I would emphasize the following items to maximize outcomes or maintain optionality for both quant finance and tech jobs:
1. If you are working in finance, work at a place where technology is a first-class citizen and strategic priority. Many of not most firms in finance do not invest in software the way a Google, Meta, or venture-funded tech startup would and run the business on old, legacy software with weaker development standards. Investment banks are bureaucratic, highly regulated, and would fall in this group as would many large asset managers. Many HFTs and quant hedge funds are much stronger with tech and employ many people from FAANG+ tech companies (and also lose people to these tech companies). Firms like Jump, HRT, Citadel, Jane Street, Two Sigma would be in this group. Your employability in tech will suffer if the programming languages and software frameworks you use in your job are far from the cutting edge.

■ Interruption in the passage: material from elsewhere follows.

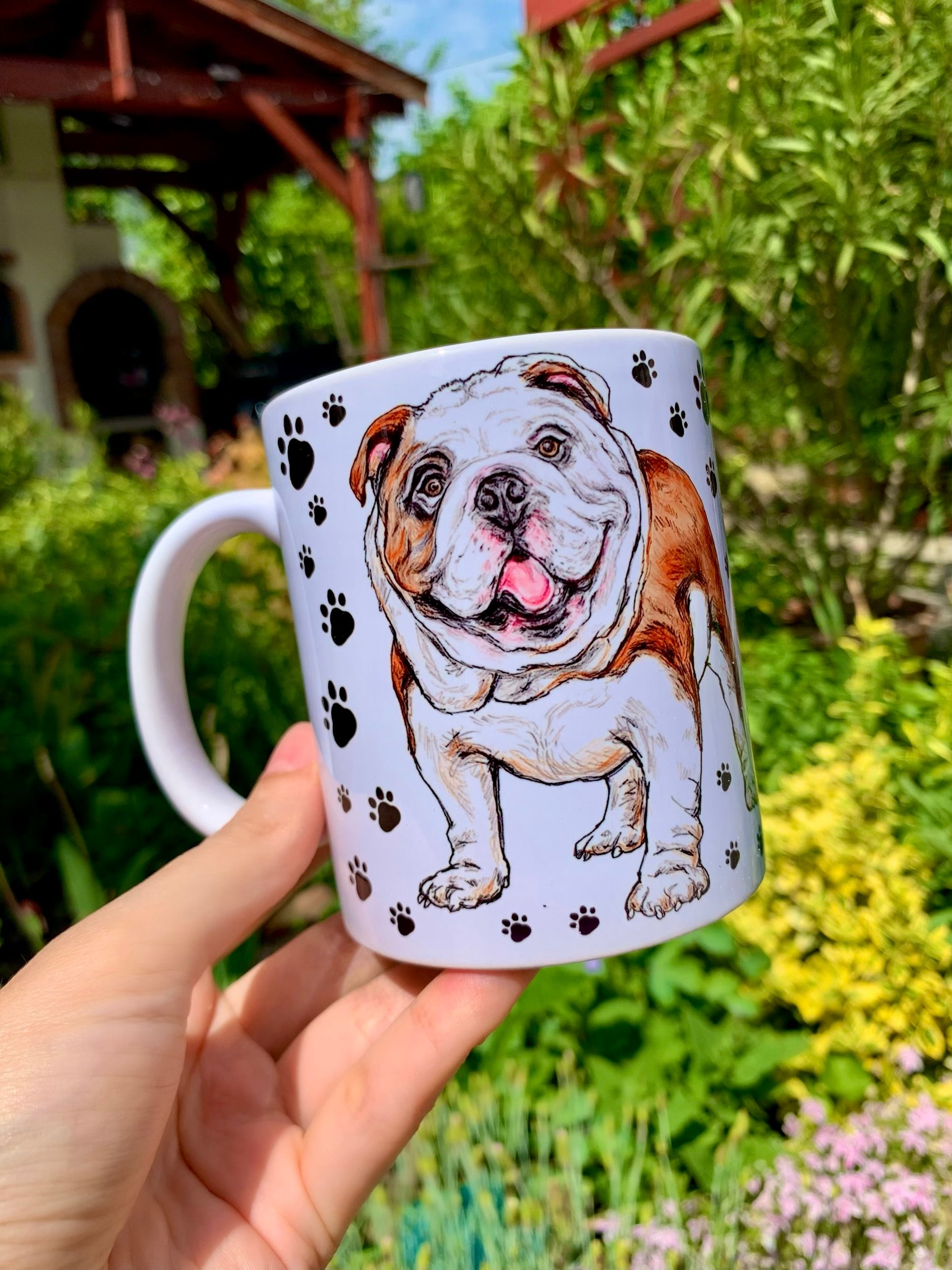 A bögre egyedi, kézzel rajzolt és festett bulldogos mintájával minden kávézást és teázást különlegessé varázsol.

2. Work on projects which advance and demonstrate your skills in core, more general data science and machine learning and data analysis applications. Pricing derivatives using PDE or doing classic factor investing is unlikely to help much here. There are increasing applications of machine learning (including deep learning and reinforcement learning) in finance including the research of Bryan Kelly, Marcos Lopez de Prado, Gordon Ritter, and Blanka Horvath. I also follow Vivek Viswanathan on LinkedIn and he does a good job outlining his evolution from a traditional factor quant to an ML quant while stressing the importance of solid software development and data management practices. Many finance firms will have teams focused on data science and machine learning which operate in a similar way to those at tech companies and can be great places to work. With the proliferation of new, "alternative" data sources also comes a need to handle less structured data, e.g. text, in a way which is most suited for ML techniques.
3. Write production code. I have interviewed many people for both quant and data science jobs, and a poor grasp of CS fundamentals and lack of programming experience is the most common deficit I see. Many quant and DS jobs do not require you to write production code, but your impact and opportunities will be much higher if you can.
While investing and trading is fundamentally about liquidity provision and/or managing a portfolio, tech is (mostly) about building a tangible product. It is hard to develop tech product intuition working in finance, but you can build this on the job in tech.